See ``https://learning-at-home.readthedocs.io/en/latest/user/dht.html``.
batch_size: The local batch size per process. If not provided, we infer this from the first batch of data
passed in at training (lazy). Note that this should not change throughout training.
delay_state_averaging: If enabled (default), average parameters and extra tensors in a background thread;
if set to False, average parameters synchronously within the
corresponding :meth:`hivemind.Optimizer.step` call.
delay_optimizer_step: Run optimizer in background, apply results in future .step. requires
:paramref:`~pytorch_lightning.strategies.hivemind.HivemindStrategy.offload_optimizer`.
delay_grad_averaging: Average gradients in background; requires
:paramref:`~pytorch_lightning.strategies.hivemind.HivemindStrategy.offload_optimizer` and
:paramref:`~pytorch_lightning.strategies.hivemind.HivemindStrategy.delay_optimizer_step`.
offload_optimizer: Offload the optimizer to host memory, saving GPU memory for parameters and gradients.
reuse_grad_buffers: Use the model's gradient buffers (params.grad) for gradient accumulation
which is more memory efficient. Lightning will automatically disable ``zero_grad``
in the ``LightningModule``.
scheduler_fn: callable(optimizer) -> PyTorch LRScheduler or a pre-initialized PyTorch scheduler.
When using `offload_optimizer`/`delay_optimizer_step`/`delay_state_averaging` ``scheduler_fn``
is required to be passed to the ``HivemindStrategy``. This is because the optimizer
is re-created and the scheduler needs to be re-created as well.
matchmaking_time: When looking for group, wait for peers to join for up to this many seconds.
Increase if you see "averaged gradients with N peers" where N is below 0.9x on >=25% of epochs.
Training with low-latency network, decreasing matchmaking_time allows training with smaller batch sizes.
averaging_timeout: If an averaging step hangs for this long, it will be cancelled automatically.
Increase averaging_timeout if you see "Proceeding with local gradients" at least 25% of the time.

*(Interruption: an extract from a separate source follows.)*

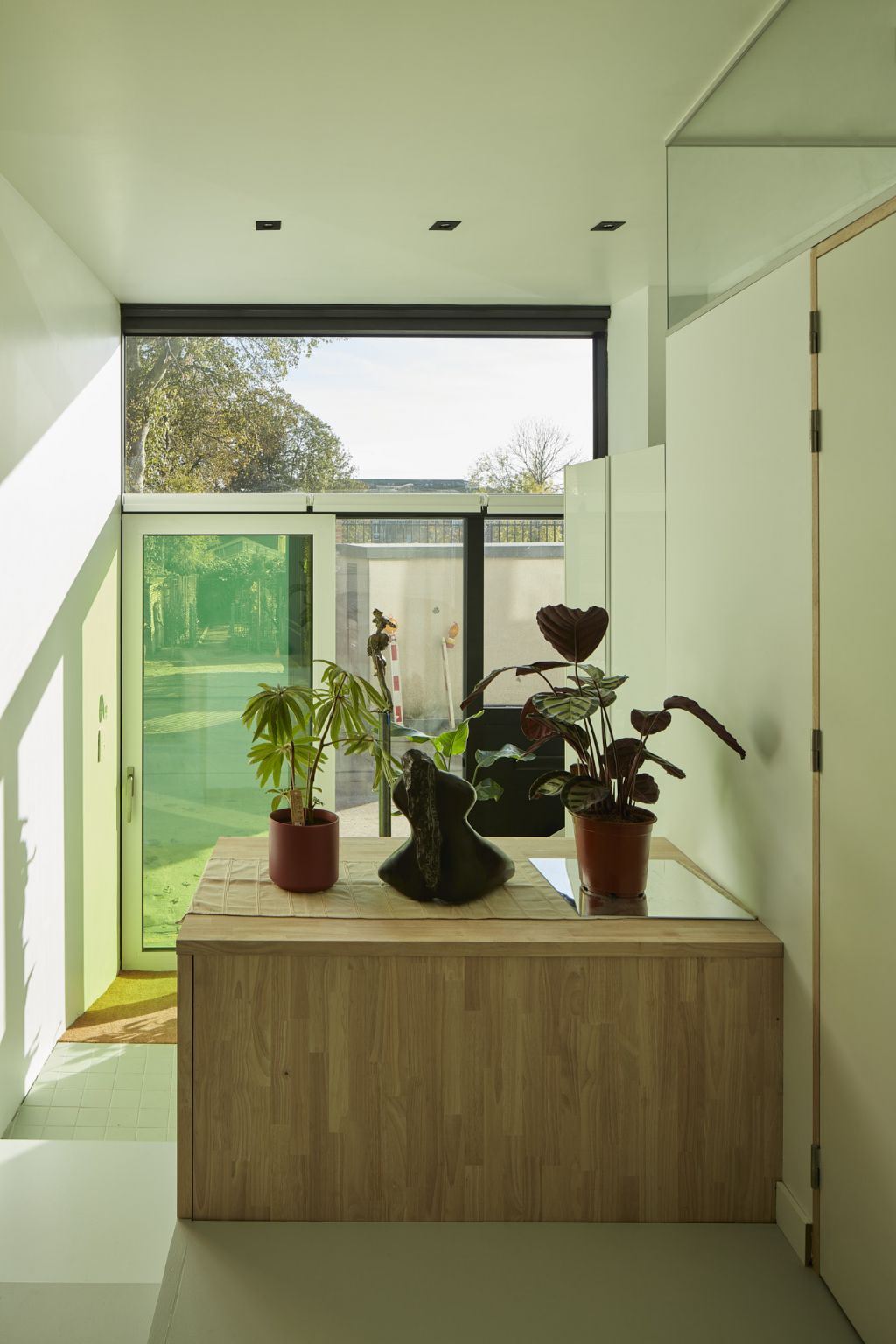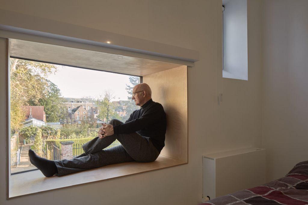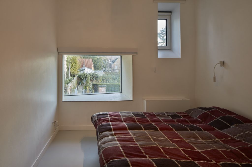 Ondanks de zeer beperkte breedte van 3,5 meter, voelt de woning erg ruim aan. In de slaapkamer zijn twee bijzondere ramen voorzien: het ‘Vermeerraam’ en het ‘cycloopraam’. Het Vermeerraam is een knipoog naar de schilderijen van Johannes Vermeer waarbij licht in de hoek van kamer van bovenaf binnenvalt op de muur parallel met de schilder. Het cycloopraam vormt een uitpuilend oog dat zich naar de grote bomen van de Kruidtuin draait. Hier kan je in het raam kruipen als een klein nest binnen deze woning, 5 meter zwevend boven de straat en de boomkruinen haast binnen handbereik.
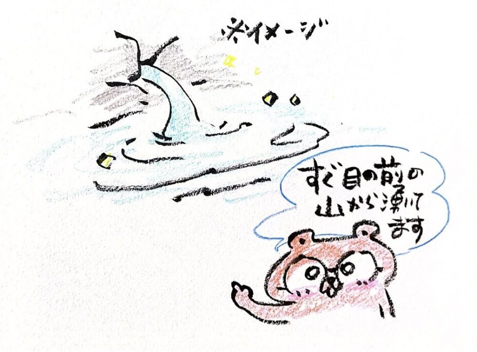 水質がキレイな上流地域では、最低限の処理で 自然そのままの美味しいお水を使用できます。自在館ではすぐ近くの山の湧き水を簡易水道で使用しています。

Do not set this timeout too high, as it may cause your optimizer to hang
after some types of network errors.
verbose: Report internal Hivemind events such as accumulating gradients and running background tasks.
averager_opts: Additional keyword arguments forwarded to both
``GradientAverager`` and ``TrainingStateAverager``.
host_maddrs: List of multi-addrs to create visible peers for other processes.
`https://learning-at-home.readthedocs.io/en/latest/user/dht.html#running-across-the-internet`
initial_peers: If connecting to a running process, a list of initial peers needs to be passed in.
This can also be set via the env variable ``INITIAL_PEERS``.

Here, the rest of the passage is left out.